§ WHAT THE TASK ASKS
Set down again exactly the lines of the listing below that fall between the line holding "Tugas 2 Bahasa" and the line holding "Главным символом и", inclusive.

§ DATA IN THIS EXERCISE
########

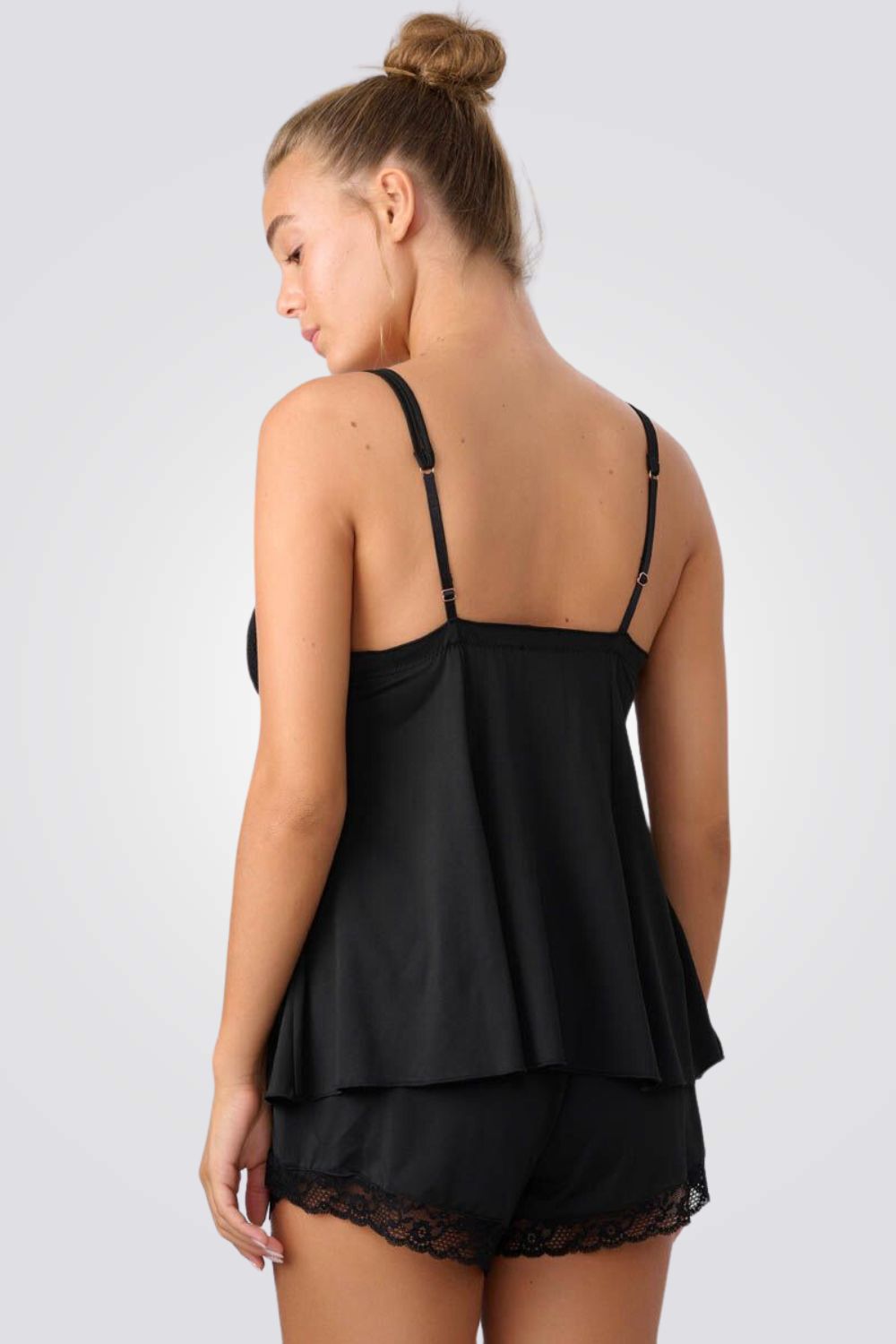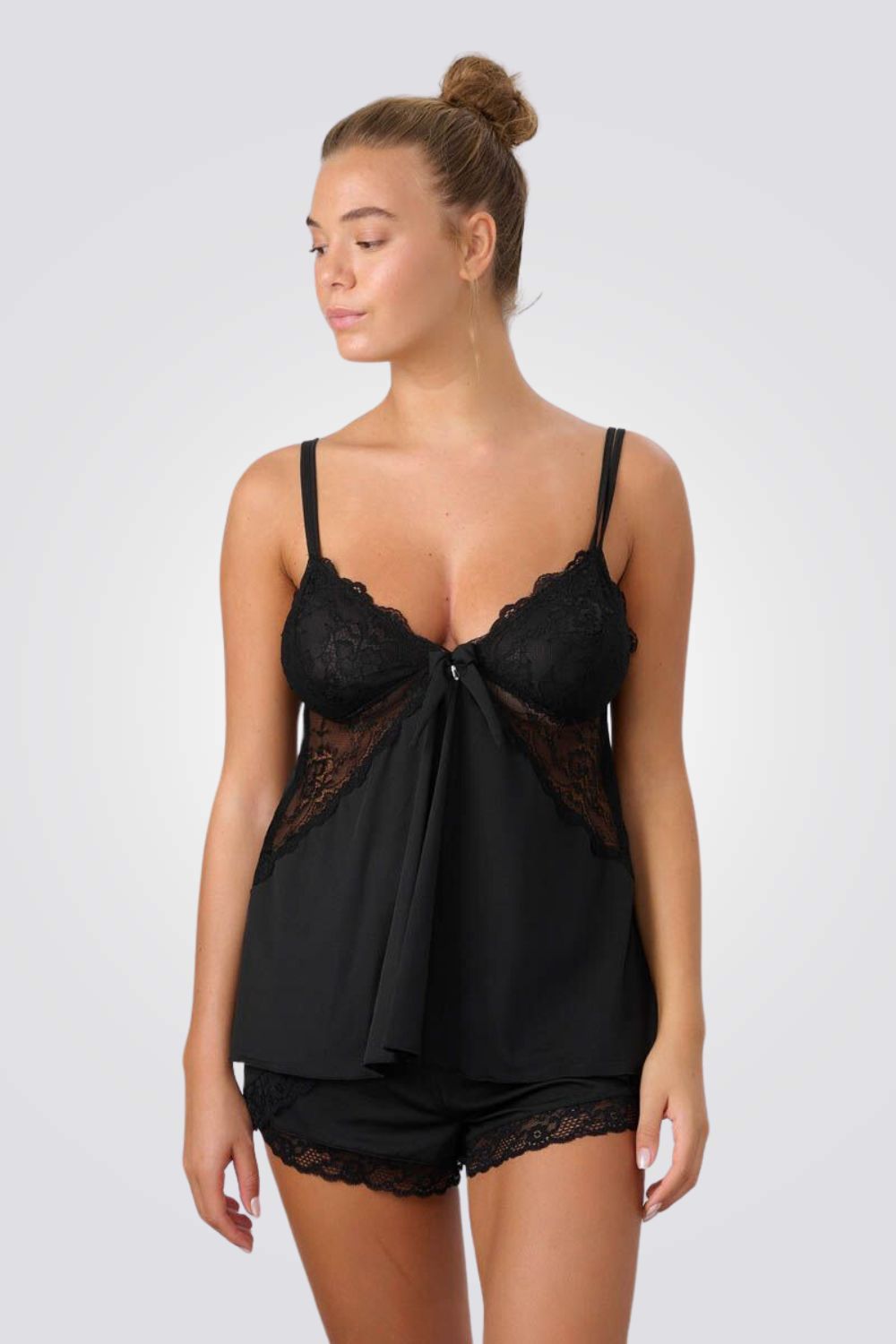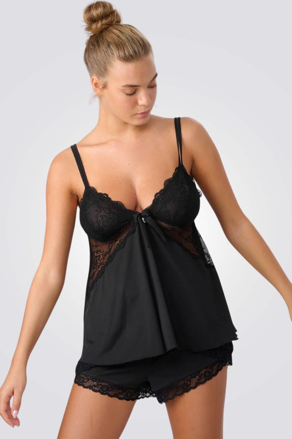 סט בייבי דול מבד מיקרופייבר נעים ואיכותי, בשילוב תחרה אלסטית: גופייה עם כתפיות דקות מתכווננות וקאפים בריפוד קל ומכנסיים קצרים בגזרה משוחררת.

########

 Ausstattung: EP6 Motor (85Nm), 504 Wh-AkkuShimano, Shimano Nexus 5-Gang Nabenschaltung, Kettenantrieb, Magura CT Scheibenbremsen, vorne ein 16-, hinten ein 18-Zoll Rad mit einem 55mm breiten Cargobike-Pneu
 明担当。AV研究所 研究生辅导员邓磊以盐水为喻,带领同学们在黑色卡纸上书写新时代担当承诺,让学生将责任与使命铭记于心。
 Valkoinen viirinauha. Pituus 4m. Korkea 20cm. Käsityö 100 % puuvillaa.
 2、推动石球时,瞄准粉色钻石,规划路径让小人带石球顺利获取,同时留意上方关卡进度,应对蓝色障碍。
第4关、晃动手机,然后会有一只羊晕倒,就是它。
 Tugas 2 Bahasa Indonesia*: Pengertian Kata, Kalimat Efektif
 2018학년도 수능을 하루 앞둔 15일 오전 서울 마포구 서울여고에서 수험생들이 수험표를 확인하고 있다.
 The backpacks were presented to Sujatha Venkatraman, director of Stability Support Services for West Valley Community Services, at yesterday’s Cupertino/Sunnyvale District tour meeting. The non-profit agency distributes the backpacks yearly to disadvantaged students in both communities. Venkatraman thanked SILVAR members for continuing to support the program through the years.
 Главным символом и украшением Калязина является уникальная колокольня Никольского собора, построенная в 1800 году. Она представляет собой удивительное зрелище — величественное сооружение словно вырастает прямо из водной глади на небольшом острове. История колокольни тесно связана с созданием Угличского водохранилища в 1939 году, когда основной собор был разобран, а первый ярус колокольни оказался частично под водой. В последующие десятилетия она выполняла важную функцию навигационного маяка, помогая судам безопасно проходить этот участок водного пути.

########

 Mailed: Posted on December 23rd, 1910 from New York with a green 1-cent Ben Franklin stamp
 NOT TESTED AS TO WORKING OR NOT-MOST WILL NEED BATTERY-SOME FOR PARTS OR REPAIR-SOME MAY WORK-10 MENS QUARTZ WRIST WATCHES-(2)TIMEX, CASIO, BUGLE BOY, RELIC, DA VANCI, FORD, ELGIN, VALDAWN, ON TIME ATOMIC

########

§ ANSWER TO THE PROBLEM
 Tugas 2 Bahasa Indonesia*: Pengertian Kata, Kalimat Efektif
 2018학년도 수능을 하루 앞둔 15일 오전 서울 마포구 서울여고에서 수험생들이 수험표를 확인하고 있다.
 The backpacks were presented to Sujatha Venkatraman, director of Stability Support Services for West Valley Community Services, at yesterday’s Cupertino/Sunnyvale District tour meeting. The non-profit agency distributes the backpacks yearly to disadvantaged students in both communities. Venkatraman thanked SILVAR members for continuing to support the program through the years.
 Главным символом и украшением Калязина является уникальная колокольня Никольского собора, построенная в 1800 году. Она представляет собой удивительное зрелище — величественное сооружение словно вырастает прямо из водной глади на небольшом острове. История колокольни тесно связана с созданием Угличского водохранилища в 1939 году, когда основной собор был разобран, а первый ярус колокольни оказался частично под водой. В последующие десятилетия она выполняла важную функцию навигационного маяка, помогая судам безопасно проходить этот участок водного пути.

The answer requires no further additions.